Analytical Research & Development, MRL, Merck & Co., Inc., Rahway, NJ, 07065, USA.
Pharm Res. 2024 Feb;41(2):365-374. doi: 10.1007/s11095-023-03646-2. Epub 2024 Feb 8.
Significant resources are spent on developing robust liquid chromatography (LC) methods with optimum conditions for all project in the pipeline. Although, data-driven computer assisted modelling has been implemented to shorten the method development timelines, these modelling approaches require project-specific screening data to model retention time (RT) as function of method parameters. Sometimes method re-development is required, leading to additional investments and redundant laboratory work. Cheminformatics techniques have been successfully used to predict the RT of metabolites & other component mixtures for similar use cases. Here we will show that these techniques can be used to model structurally diverse molecules and predictions of these models trained on multiple LC conditions can be used for downstream data-driven modelling.

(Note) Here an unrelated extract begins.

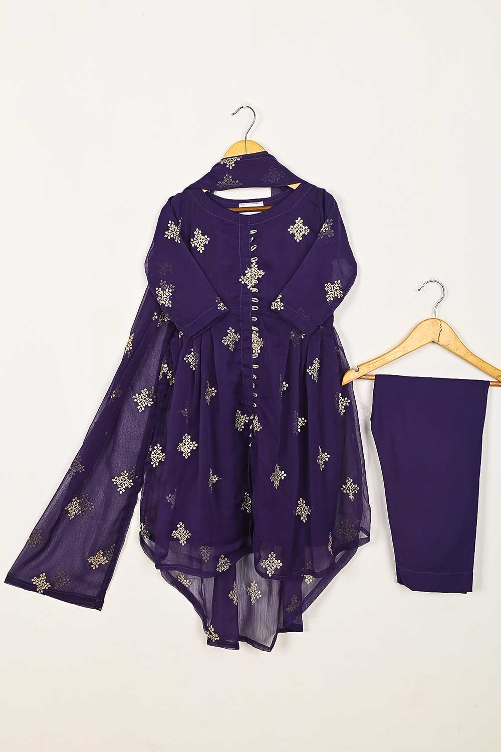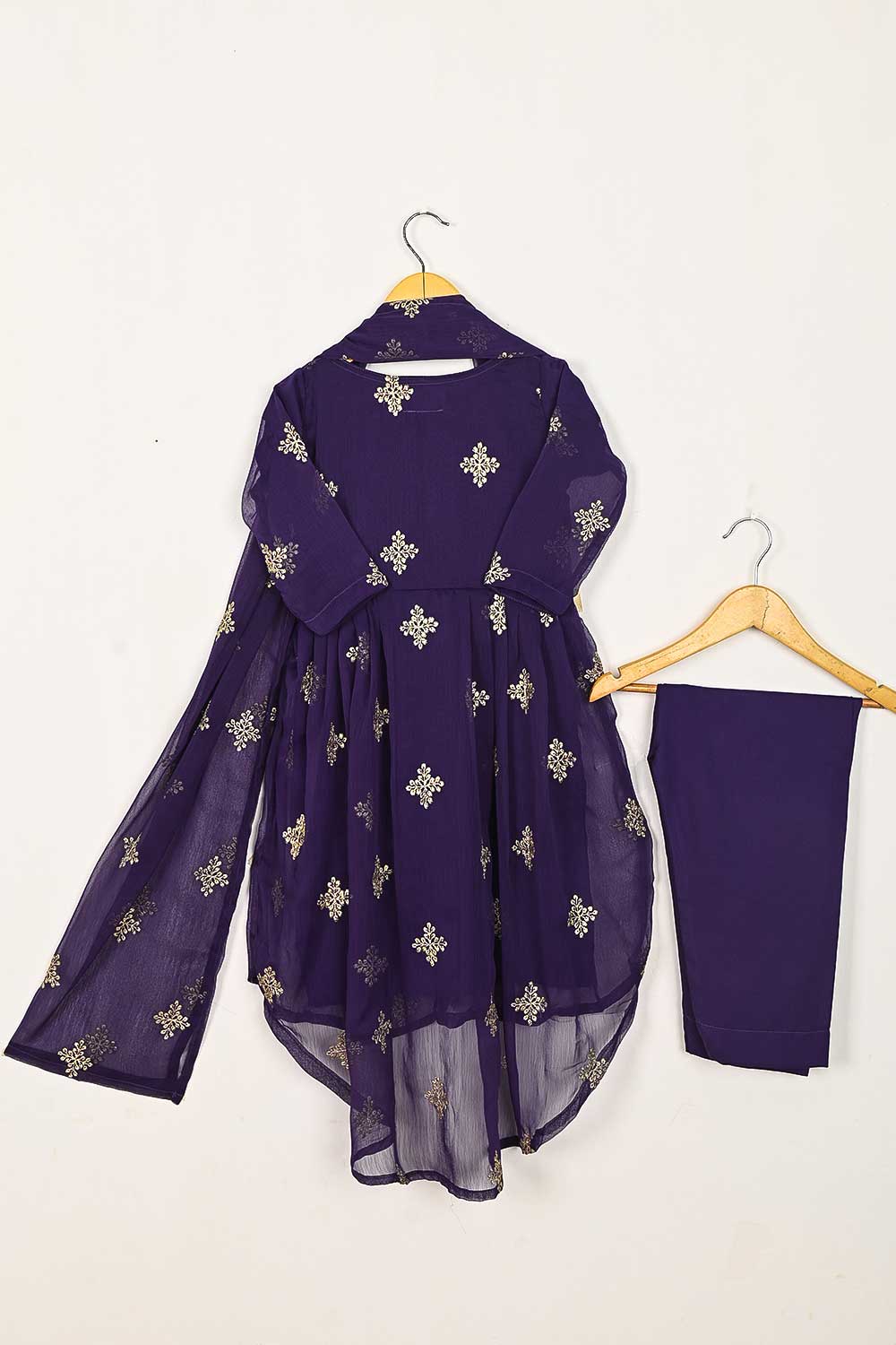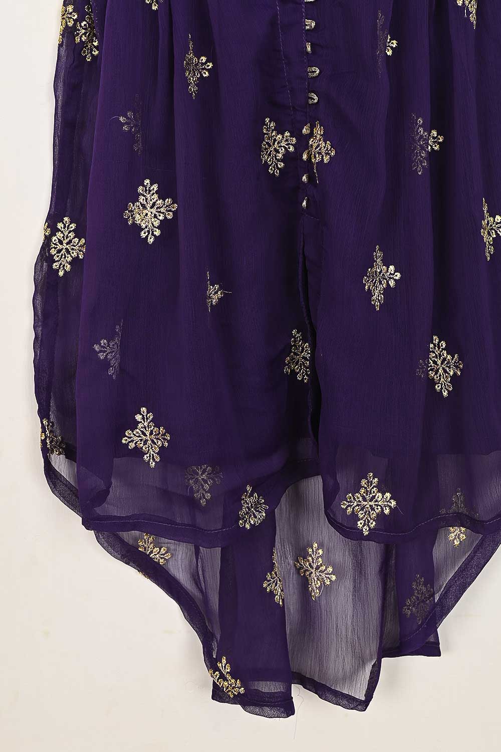 TKF-93-Purple - Kids 3Pc Chiffon Embroidered Frock

The Molecular Operating Environment (MOE) was used to calculate over 800 descriptors using the strucutres of the analytes. These descriptors were used to model the RT of the analytes under four chromatographic conditions. These models were then used to create data-driven models using LC-SIM.
A structural-based Random Forest (RF) model outperformed other techniques in cross-validation studies and predicted the RTs of a randomized test set with a median percentage error less than 4% for all LC conditions. RTs predicted by this structure-based model were used to fit a data-driven model that identifies optimum LC conditions without any additional experimental work.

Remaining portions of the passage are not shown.